TASK DESCRIPTION:
Pictures are to be omitted, and every entry below is to be restated exactly.

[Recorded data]
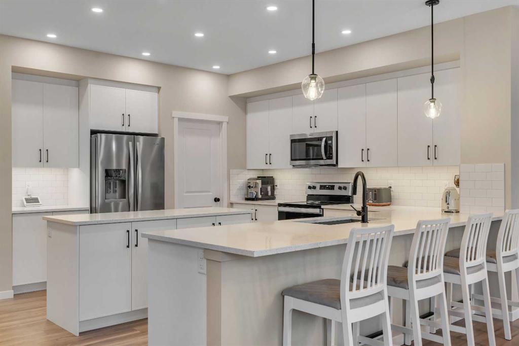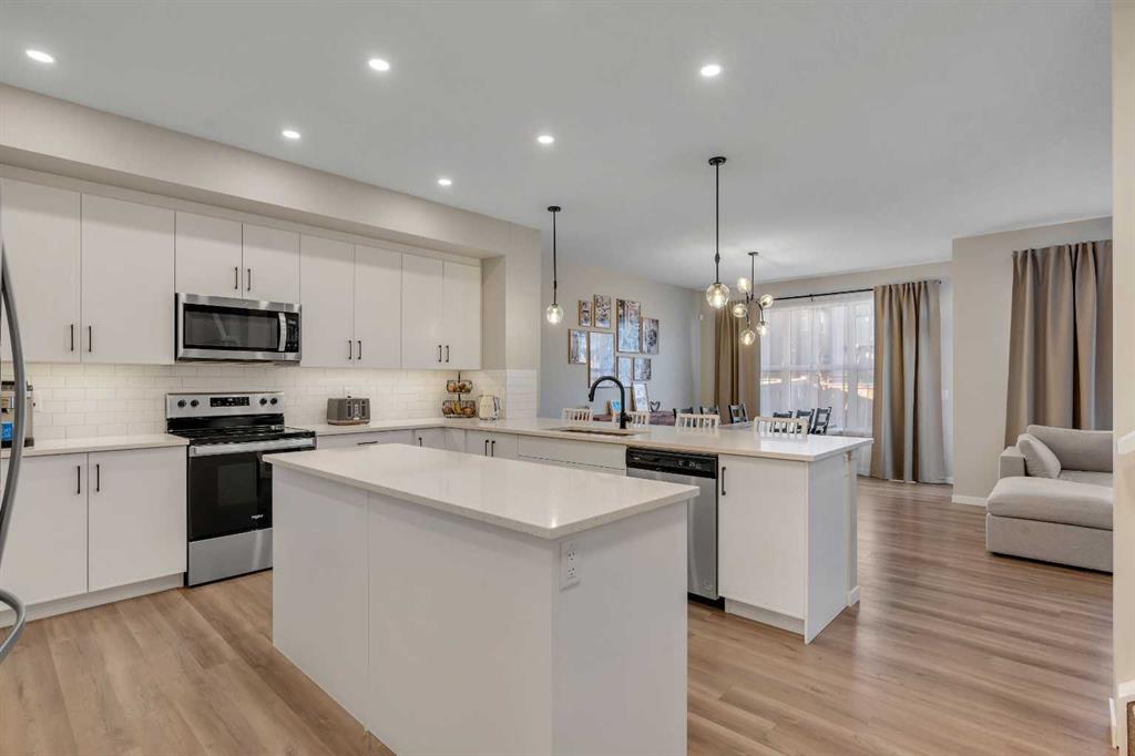 Welcome to 160 Magnolia Terrace SE. A stunning 5-bedroom, 3.5-bathroom home that perfectly blends luxury, comfort, and everyday functionality. From the moment you arrive, you’ll appreciate the pleasant curb appeal and inviting presence of this beautifully maintained residence. Step inside to a spacious front entry with extra closet space, setting the tone for a thoughtfully designed home. Luxury vinyl plank floors flow throughout the main living areas, complemented by a current, modern colour palette that feels both warm and timeless. The heart of the home is the large gourmet kitchen, featuring quartz countertops, a centre island, breakfast bar, ample cabinetry, and a walk-through pantry connecting directly to the mudroom—perfect for busy family life. The living room is anchored by a cozy gas fireplace, while the spacious nook easily accommodates family meals and entertaining. The main floor also offers a dedicated office/flex room, ideal for working from home. Upstairs, you’ll find an impressive layout with four bedrooms, a full laundry room, and still plenty of space for a large bonus room—a rare find in homes of this size. The primary retreat is a true escape, complete with a luxurious 5-piece ensuite, walk-in closet, and the added privacy of a separate door to the toilet—an uncommon and highly desirable feature. Three additional generously sized bedrooms share a well-appointed 4-piece bathroom. The 9-foot basement ceilings open up endless possibilities. Enjoy a finished recreation room, plus an additional bedroom and bathroom, making it ideal for guests, teens, or extended family. Outside, the spacious backyard invites you to relax, entertain, and enjoy the outdoors. Added comforts include central air conditioning, ensuring year-round comfort. Located in the sought-after lake community of Mahogany, residents enjoy access to two private beaches, scenic wetlands, walking pathways, and an abundance of nearby schools, parks, playgrounds, shopping, and dining.
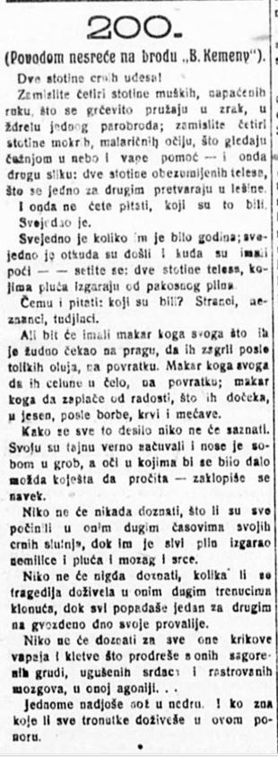 „A horvát lapok is csak viszonylag kis terjedelemben emlékeztek meg a Báró Kemény gőzösön 1918. november 22-23-án tomboló tűzről, amely a feljegyzések szerint kétszáz magyar katona, valamint a hajó francia nemzetiségű kapitánya, a főgépész, a mérnök és egy kadét életét követelték. Még szörnyűbb a tragédia, ha arra gondolunk, hogy a hazafelé tartó magyar katonák már azt gondolták, hogy megmenekültek a háború veszélyeitől, s mégis szörnyű kínhalált kellett halniuk” - mondta el portálunknak Fontányi Árpád, a Horvátországi Magyarok Demokratikus Közössége Spliti Magyar Egyesületének alapító elnöke. „Akkor sem volt nagyobb visszhangja a katasztrófának és sajnos ez az érdektelenség a későbbiekben sem változott, így ma már sajnos nem lehet tudni, hol nyugszanak ezek az azonosítatlan áldozatok.”
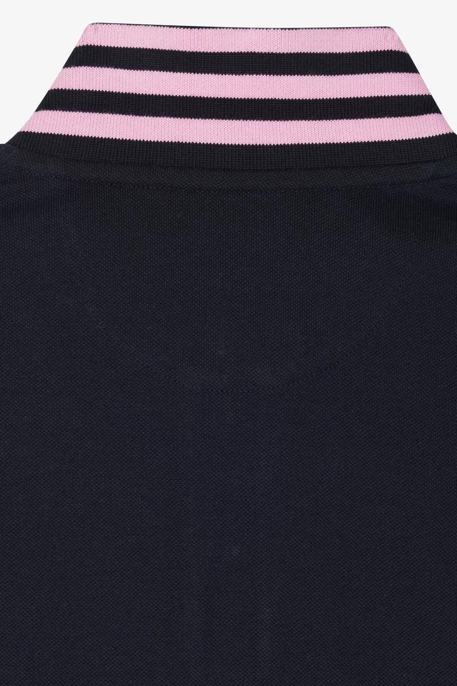 This men’s long-sleeved polo blends comfort and sophistication. Its breathable cotton pique ensures optimal comfort. The classic collar reveals navy and pink striped details, subtly highlighted when flipped. Its rugby buttons and bow tie logo embroidery carry the unmistakable mark of our Maison and its craftsmanship.
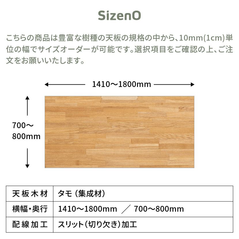 幅141~180cm サイズオーダーデスク Sizeno(シゼノ) パソコンデスク タモ 集成材 木製 T字脚 スチール脚 天然木 パソコンデスク 切り欠き オフィスデスク テレワークデスク 勉強机 おしゃれ ウッディモダン 書斎 ブラウン
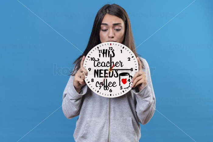 Τhis teacher needs coffee, Ρολόι τοίχου ξύλινο (20cm)
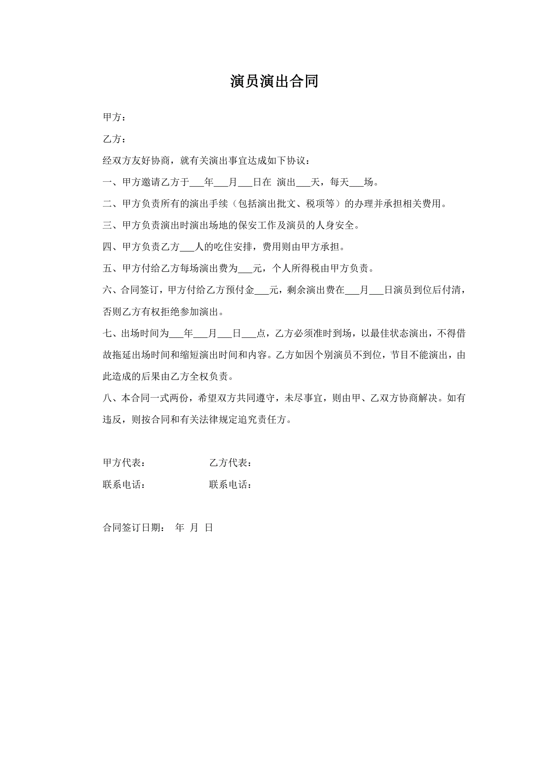 演员演出合同
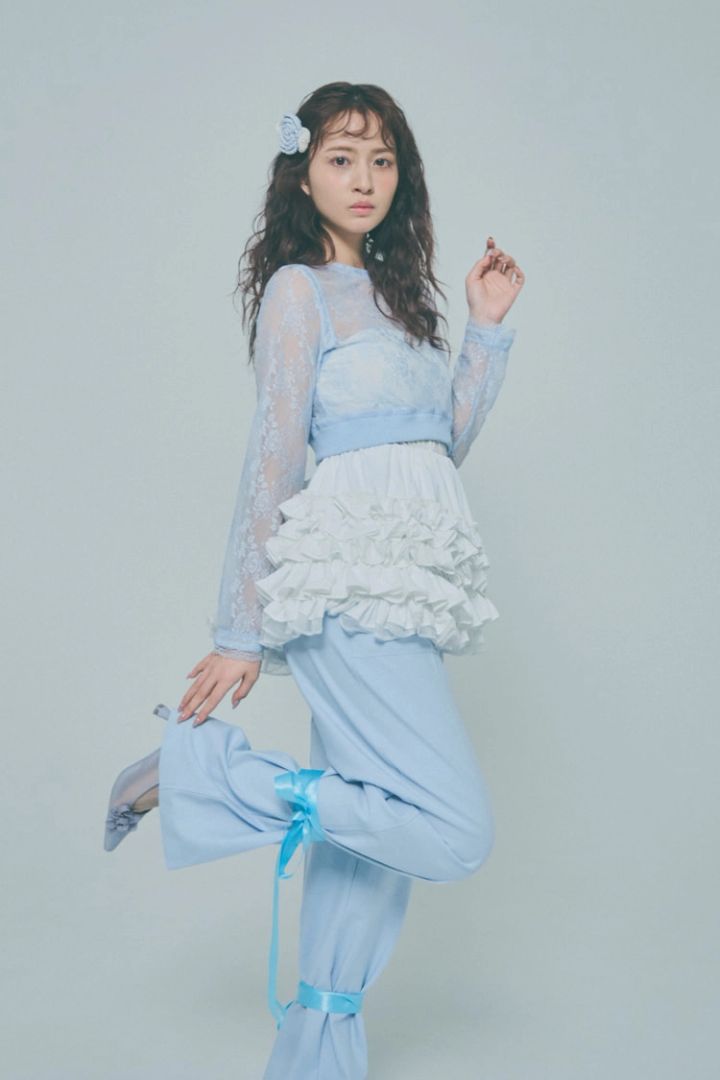 ブルーレーストップス 7,980円/Treat Ürself ブルーパンツ 7,990円/ZARA(ザラ)白フリルミニスカート 15,950円/J1U by LA BELLE ETUDE(アンティローザ)ヘアクリップ 3,300円/kaorinomori(OVERRIDE ルミネエスト新宿)パンプス 9,900円/RANDA パンツに巻いたリボン/スタイリスト私物

YOUR SOLUTION:
 Welcome to 160 Magnolia Terrace SE. A stunning 5-bedroom, 3.5-bathroom home that perfectly blends luxury, comfort, and everyday functionality. From the moment you arrive, you’ll appreciate the pleasant curb appeal and inviting presence of this beautifully maintained residence. Step inside to a spacious front entry with extra closet space, setting the tone for a thoughtfully designed home. Luxury vinyl plank floors flow throughout the main living areas, complemented by a current, modern colour palette that feels both warm and timeless. The heart of the home is the large gourmet kitchen, featuring quartz countertops, a centre island, breakfast bar, ample cabinetry, and a walk-through pantry connecting directly to the mudroom—perfect for busy family life. The living room is anchored by a cozy gas fireplace, while the spacious nook easily accommodates family meals and entertaining. The main floor also offers a dedicated office/flex room, ideal for working from home. Upstairs, you’ll find an impressive layout with four bedrooms, a full laundry room, and still plenty of space for a large bonus room—a rare find in homes of this size. The primary retreat is a true escape, complete with a luxurious 5-piece ensuite, walk-in closet, and the added privacy of a separate door to the toilet—an uncommon and highly desirable feature. Three additional generously sized bedrooms share a well-appointed 4-piece bathroom. The 9-foot basement ceilings open up endless possibilities. Enjoy a finished recreation room, plus an additional bedroom and bathroom, making it ideal for guests, teens, or extended family. Outside, the spacious backyard invites you to relax, entertain, and enjoy the outdoors. Added comforts include central air conditioning, ensuring year-round comfort. Located in the sought-after lake community of Mahogany, residents enjoy access to two private beaches, scenic wetlands, walking pathways, and an abundance of nearby schools, parks, playgrounds, shopping, and dining.
 „A horvát lapok is csak viszonylag kis terjedelemben emlékeztek meg a Báró Kemény gőzösön 1918. november 22-23-án tomboló tűzről, amely a feljegyzések szerint kétszáz magyar katona, valamint a hajó francia nemzetiségű kapitánya, a főgépész, a mérnök és egy kadét életét követelték. Még szörnyűbb a tragédia, ha arra gondolunk, hogy a hazafelé tartó magyar katonák már azt gondolták, hogy megmenekültek a háború veszélyeitől, s mégis szörnyű kínhalált kellett halniuk” - mondta el portálunknak Fontányi Árpád, a Horvátországi Magyarok Demokratikus Közössége Spliti Magyar Egyesületének alapító elnöke. „Akkor sem volt nagyobb visszhangja a katasztrófának és sajnos ez az érdektelenség a későbbiekben sem változott, így ma már sajnos nem lehet tudni, hol nyugszanak ezek az azonosítatlan áldozatok.”
 This men’s long-sleeved polo blends comfort and sophistication. Its breathable cotton pique ensures optimal comfort. The classic collar reveals navy and pink striped details, subtly highlighted when flipped. Its rugby buttons and bow tie logo embroidery carry the unmistakable mark of our Maison and its craftsmanship.
 幅141~180cm サイズオーダーデスク Sizeno(シゼノ) パソコンデスク タモ 集成材 木製 T字脚 スチール脚 天然木 パソコンデスク 切り欠き オフィスデスク テレワークデスク 勉強机 おしゃれ ウッディモダン 書斎 ブラウン
 Τhis teacher needs coffee, Ρολόι τοίχου ξύλινο (20cm)
 演员演出合同
 ブルーレーストップス 7,980円/Treat Ürself ブルーパンツ 7,990円/ZARA(ザラ)白フリルミニスカート 15,950円/J1U by LA BELLE ETUDE(アンティローザ)ヘアクリップ 3,300円/kaorinomori(OVERRIDE ルミネエスト新宿)パンプス 9,900円/RANDA パンツに巻いたリボン/スタイリスト私物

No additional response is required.